SAN JOSE (CN) – A federal judge certified a class of children who want to void purchases they made on Facebook using their parents’ credit cards, but denied the minors’ claims for restitution.
Lead plaintiff I.B. and his respective mother, claim that Facebook’s policy of finalizing all purchases made through its website violates the California Family Code, which voids a contract if the minor “make[s] a contract relating to any personal property not in the immediate control of the minor,” and permits a minor to disaffirm any contract “before majority or within a reasonable time afterwards.”
After using his mother’s credit card to buy Facebook credits for an online game, I.B. says, he did not know the site would store the credit-card information. He claims he thought his subsequent several hundred dollars’ worth of game purchases were being made with “virtual currency.”

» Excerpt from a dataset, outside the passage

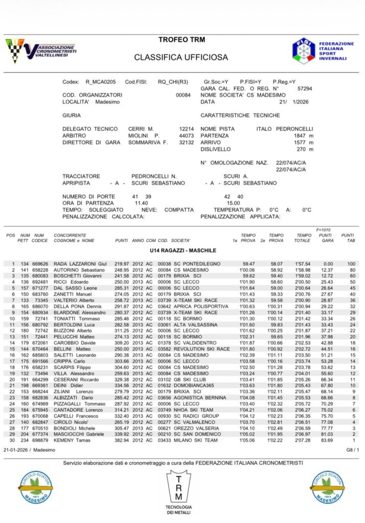 Tra i Ragazzi U14, gara combattutissima fino all’ultimo centesimo: a spuntarla è stato Giulio Rada Lazzaroni (SC Pontedilegno) con 1’57.54, seguito da Sebastiano Autorino al 2° posto in 1’58.98 (CS Madesimo), e da Giovanni Boschetti (Brixia Sci), staccato di pochissimo che chiude 3°.
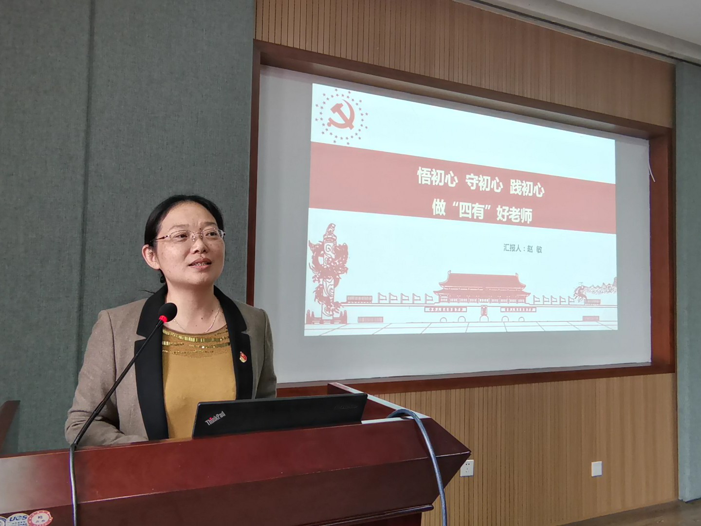 赵敏要求教工党员要切实提高思想觉悟,争做有理想信念、有道德情操、有扎实学识、有人爱之心的“四有”好老师。“她指出,习近平总书记的“时代之问”,是当代高校教师追溯初心的最好依据,教育系统要想解决“培养什么人、怎样培养人、为谁培养人”这一根本问题,就必须以习近平新时代中国特色社会主义思想为指导,坚持把立德树人的成效作为检验学校一切工作的根本标准,坚持马克思主义指导地位,把党对教育事业的全面领导贯彻好、落实好。

Co-plaintiff J.W. took his parents’ debit card without permission and used it to buy more than $1,000 worth of Facebook credits.
U.S. District Judge Claudia Wilken ruled in December 2013 that the minors, but not their parents, could fight Facebook for refunds.
According to U.S. District Judge Beth Labson Freeman’s March 10 ruling to certify the class, the plaintiffs claim that Facebook “routinely refuses requests by children and their parents and legal guardians to provide refunds for transactions that are subject to disaffirmance under California law.”
Freeman ruled that the plaintiffs have standing to seek declaratory and injunctive relief, and certified a class defined as “all Facebook users who are or were minor children according to Facebook’s own records for the four years preceding the date on which the original complaint was filed through the date on which a class is certified.”
She also certified “a subclass of minors from whose Facebook accounts Facebook credits were purchased.”
But the judge sided with Facebook on the plaintiffs’ claims for restitution and monetary relief, since “the amount of monetary damages due each class member, if any, would be dependent on the individual circumstances of each class member, and thus cannot be determined formulaically.”